NETWORK SECURITY

Network security is a complicated subject, historically only tackled by well-trained and experienced experts. However, as more and more people become ``wired'', an increasing number of people need to understand the basics of security in a networked world. This document was written with the basic computer user and information systems manager in mind, explaining the concepts needed to read through the hype in the marketplace and understand risks and how to deal with them.

Some history of networking is included, as well as an introduction to TCP/IP and internetworking . We go on to consider risk management, network threats, firewalls, and more special-purpose secure networking devices.
This is not intended to be a ``frequently asked questions'' reference, nor is it a ``hands-on'' document describing how to accomplish specific functionality.
It is hoped that the reader will have a wider perspective on security in general, and better understand how to reduce and manage risk personally, at home, and in the workplace.

What is a Network?

A ``network'' has been defined[1] as ``any set of interlinking lines resembling a net, a network of roads || an interconnected system, a network of alliances.'' This definition suits our purpose well: a computer network is simply a system of interconnected computers. How they're connected is irrelevant, and as we'll soon see, there are a number of ways to do this.

The ISO/OSI Reference Model

The International Standards Organization (ISO) Open Systems Interconnect (OSI) Reference Model defines seven layers of communications types, and the interfaces among them. (See Figure 1.) Each layer depends on the services provided by the layer below it, all the way down to the physical network hardware, such as the computer's network interface card, and the wires that connect the cards together.

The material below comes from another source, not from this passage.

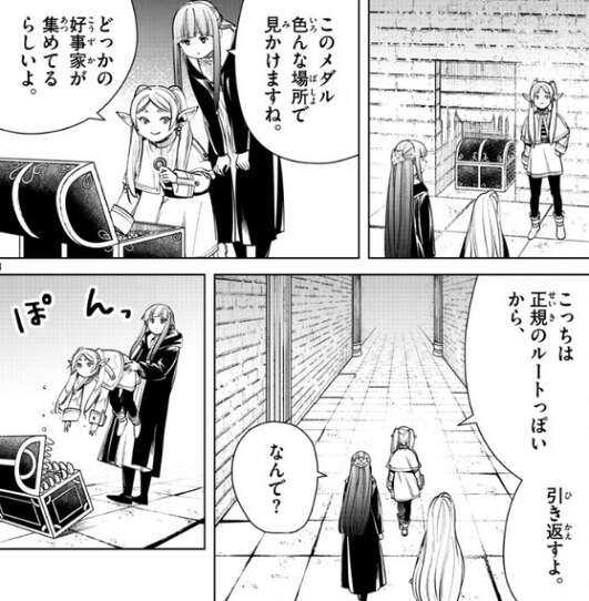 迷宮を進んだ先にガーゴイルが設置されていますが、ガーゴイルが動き出す前に倒し、宝箱からメダルを入手します。このメダルは色んな場所で見かけているようですが、どっかの好事家が集めているらしいです。フリーレンは正規のルートだと分かっているのに、わざわざ引き返し、正規のルート以外も進もうとします。これは、前回ヒンメルが言っていたように、全てのルートを踏破してから次に進むべき、という考え方をフリーレンも実践しているのだと思います。しかし別のルートを進んだ先でも、フリーレンはミミックに引っかかってしまいます。

An easy way to look at this is to compare this model with something we use daily: the telephone. In order for you and I to talk when we're out of earshot, we need a device like a telephone. (In the ISO/OSI model, this is at the application layer.) The telephones, of course, are useless unless they have the ability to translate the sound into electronic pulses that can be transferred over wire and back again. (These functions are provided in layers below the application layer.) Finally, we get down to the physical connection: both must be plugged into an outlet that is connected to a switch that's part of the telephone system's network of switches.
If I place a call to you, I pick up the receiver, and dial your number. This number specifies which central office to which to send my request, and then which phone from that central office to ring. Once you answer the phone, we begin talking, and our session has begun. Conceptually, computer networks function exactly the same way.
It isn't important for you to memorize the ISO/OSI Reference Model's layers; but it's useful to know that they exist, and that each layer cannot work without the services provided by the layer below it.

 Firewalls

As we've seen in our discussion of the Internet and similar networks, connecting an organization to the Internet provides a two-way flow of traffic. This is clearly undesirable in many organizations, as proprietary information is often displayed freely within a corporate intranet (that is, a TCP/IP network, modeled after the Internet that only works within the organization). In order to provide some level of separation between an organization's intranet and the Internet, firewalls have been employed. A firewall is simply a group of components that collectively form a barrier between two networks.

A number of terms specific to firewalls and networking are going to be used throughout this section, so let's introduce them all together.

Bastion host.

A general-purpose computer used to control access between the internal (private) network (intranet) and the Internet (or any other untrusted network). Typically, these are hosts running a flavor of the Unix operating system that has been customized in order to reduce its functionality to only what is necessary in order to support its functions. Many of the general-purpose features have been turned off, and in many cases, completely removed, in order to improve the security of the machine.

Router.

A special purpose computer for connecting networks together. Routers also handle certain functions, such as routing , or managing the traffic on the networks they connect.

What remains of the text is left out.